Getting Started with Your Own Data
Assess Your Phone Number Formats
Before you start, gather 5 to 7 phone numbers that represent the different formats in your contact list. Note the variations: country codes, separators, extensions, text annotations. This diversity ensures your examples capture the full transformation.
Create Example Pairs
In a new sheet, create two columns. Column A has the messy phone numbers, column B has the standardised versions. Decide on your target format upfront: domestic with country code? International with spaces? Just digits? Your examples should all follow the same target format.
Test and Validate
Use the Test function to preview the detected rule. If it matches your intention, proceed. If not, add another example pair that clarifies the expected transformation and test again.
Schedule and Monitor
Select your full phone number column and configure the frequency. For ongoing contact list updates, choose Process in a loop. Monitor the first execution to verify that all numbers are standardised correctly.
For detailed instructions, see the Learn from Examples documentation.
Frequently Asked Questions
What if my phone numbers include extensions?
If you want to preserve extensions, show that in your examples: 555-123-4567 x123 becomes +1 555 123 4567 x123. If you want to remove extensions, show that: 555-123-4567 x123 becomes +1 555 123 4567. The system learns from your examples.

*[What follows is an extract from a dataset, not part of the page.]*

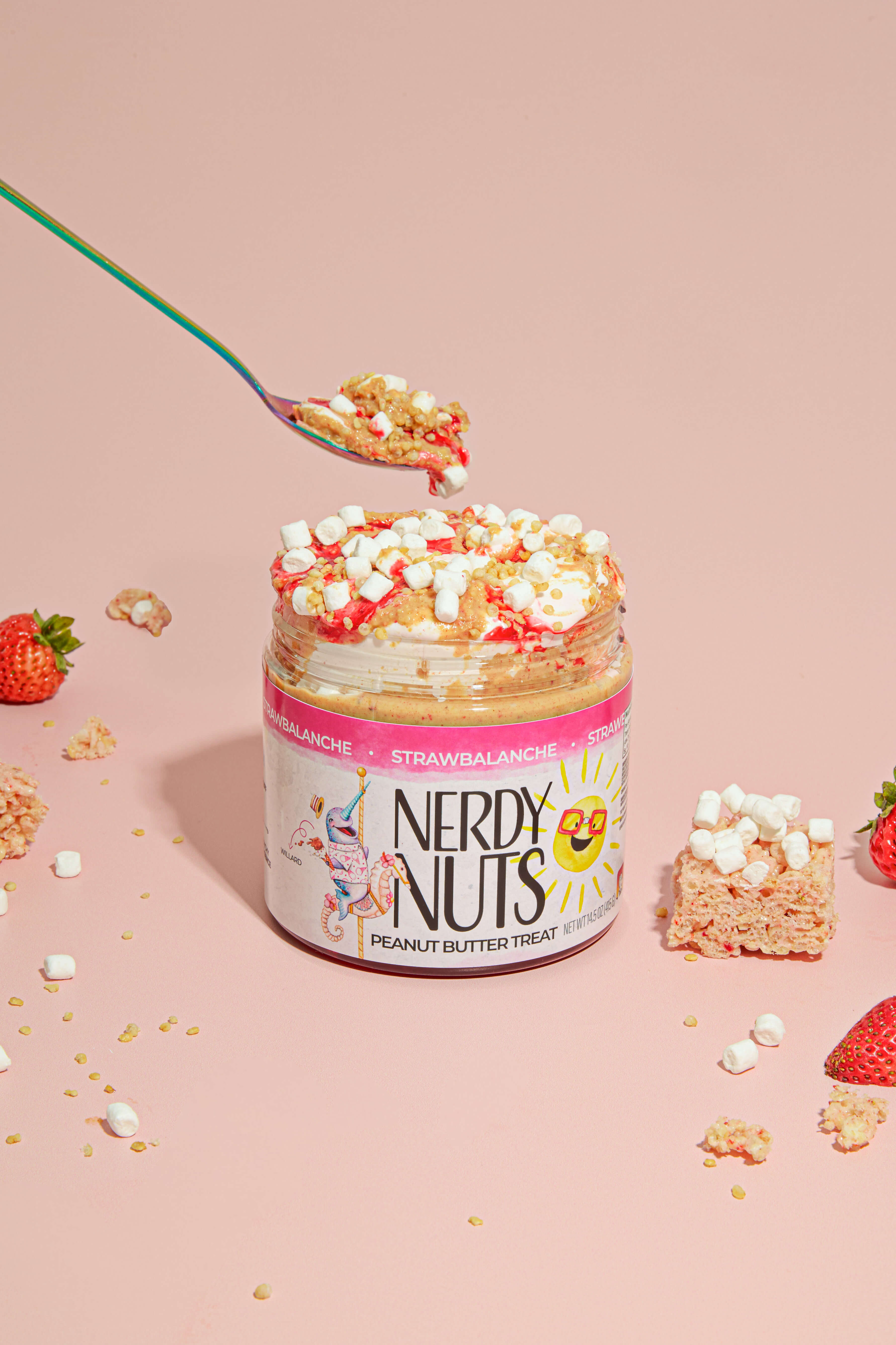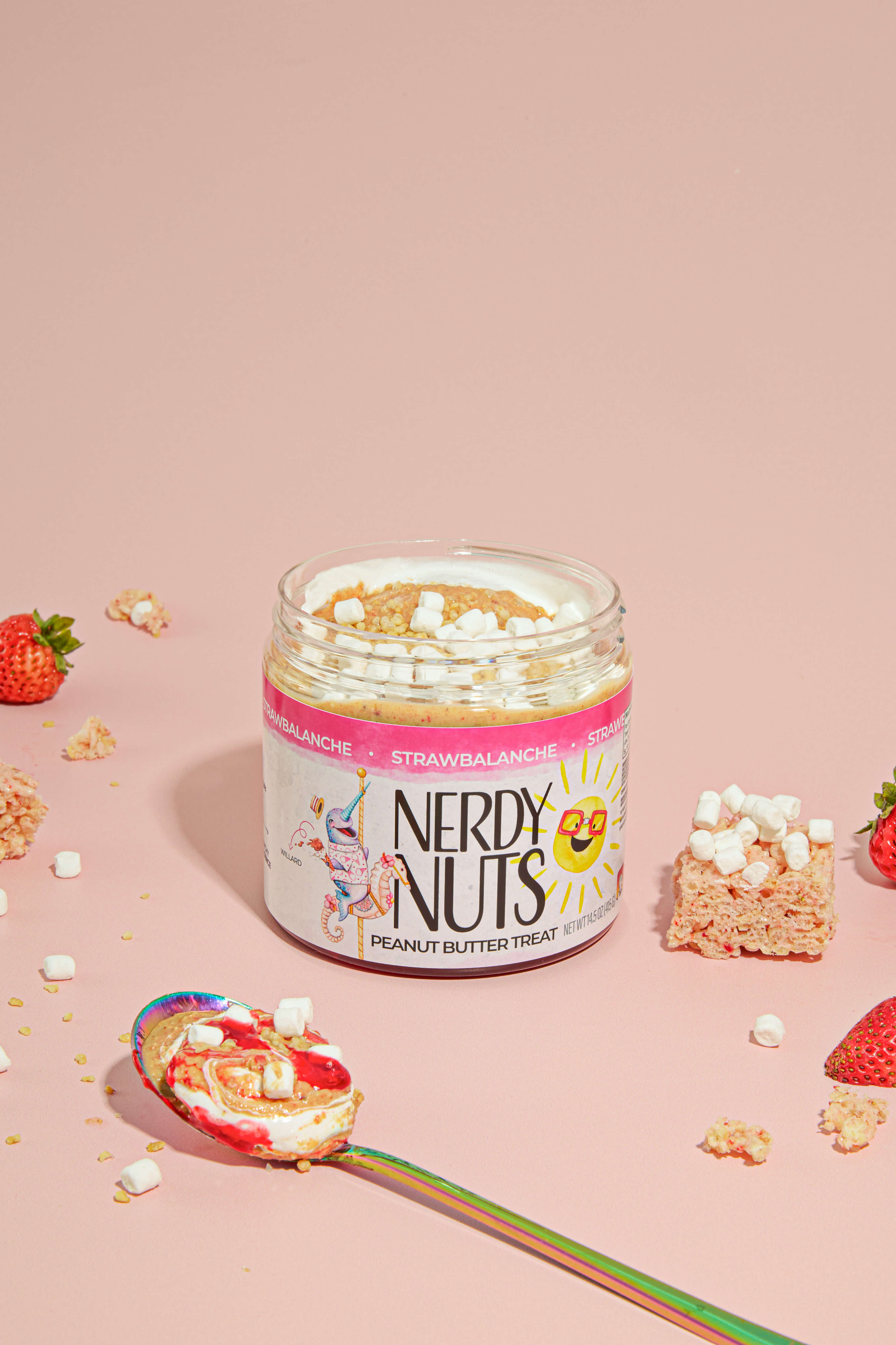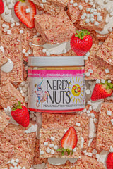 Strawberry milk white chocolate peanut butter is layered on fluff and strawberry sauce, topped with dehydrated mallow bits and crispy puffed quinoa! The crunch factor in this dessert is unmatched!

Can it handle international numbers?
Yes. Provide examples that show your international numbers in the desired format. If you want country codes preserved, show that. If you want them stripped for certain countries, show examples of that too. The system learns the pattern from your examples.
What if I have mixed domestic and international numbers?

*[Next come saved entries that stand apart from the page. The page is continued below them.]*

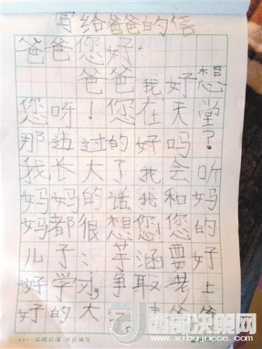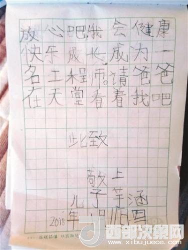 “爸爸您好。爸爸我好想您呀!您在天堂那邊過的好嗎?我長大了,我會聽媽媽的話。我和媽媽都想您。您的兒子芋涵要好好學習,爭取考上好的大學。請爸爸放心吧。我會健康快樂成長為一名工程師。請爸爸在天堂看著我吧。此致,敬上。兒子芋涵。2018年1月11日寫。”
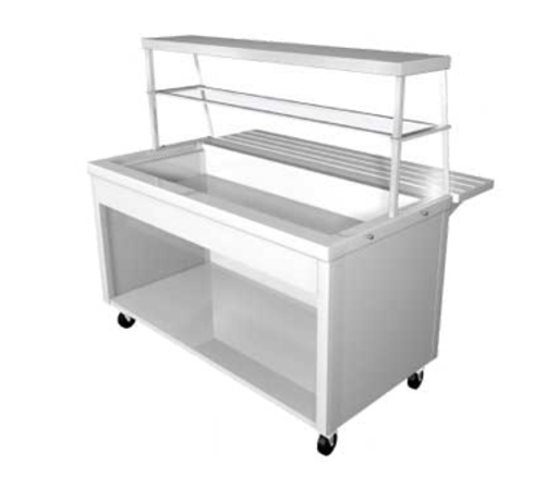 Cold Food Counter with Ice Pan, (3) pans, 50"W x 30-1/2"D x 36"H, ice pan 6" deep, coved corner stainless steel insulated construction, pitched to 3/4" brass drain with shut off valve, removable stainless steel perforated false bottom, mobile modular, open cabinet base, 16 gauge stainless steel top, 14 gauge stainless steel frame, 5"H heavy duty double bearing swivel casters, (2) casters to be fitted with brakes
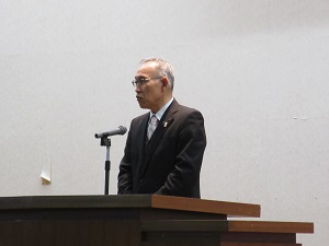 平田校長より「新学期に抱いている新たな決意を大切にしてほしい。3年次生は最終学年としてまた1期生として自分の目標進路に向かって努力してほしい。2年次生は、学校の中心となり、リーダーシップを発揮してほしい。『挑戦』をスローガンに、さまざまなことに意欲的に活動することが大切であり、ボランティア活動など自分にできることを行うことが人の助けとなり自分自身の成長にもつながる。」と述べられました。
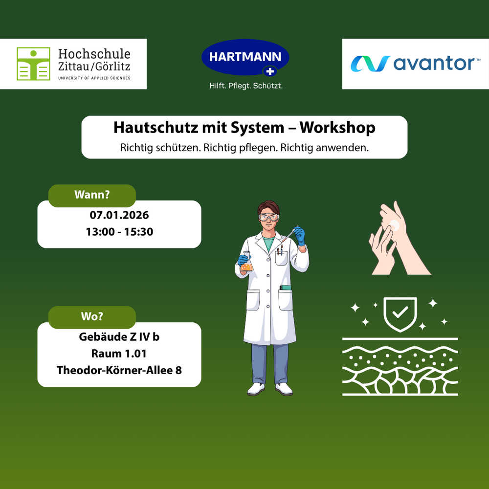 Diese und viele weitere Fragen werden im Workshop „Hautschutz mit System“ beantwortet. Die Veranstaltung richtet sich an Studierende, Mitarbeitende und Kolleg*innen der HSZG, die praktische Kenntnisse rund um Hautschutz, Handschutz und Hygienemaßnahmen erwerben möchten.

You can create one schedule if your standardised format handles both (for example, all numbers have country codes). If your standardised format differs between domestic and international, you may need to create separate schedules for each type or pre-filter your data.
Does it handle numbers with text annotations?
If your examples show annotations being removed, the system will remove them. If some annotations are important and should be preserved, you can show that in your examples and the system will learn which annotations to keep and which to discard.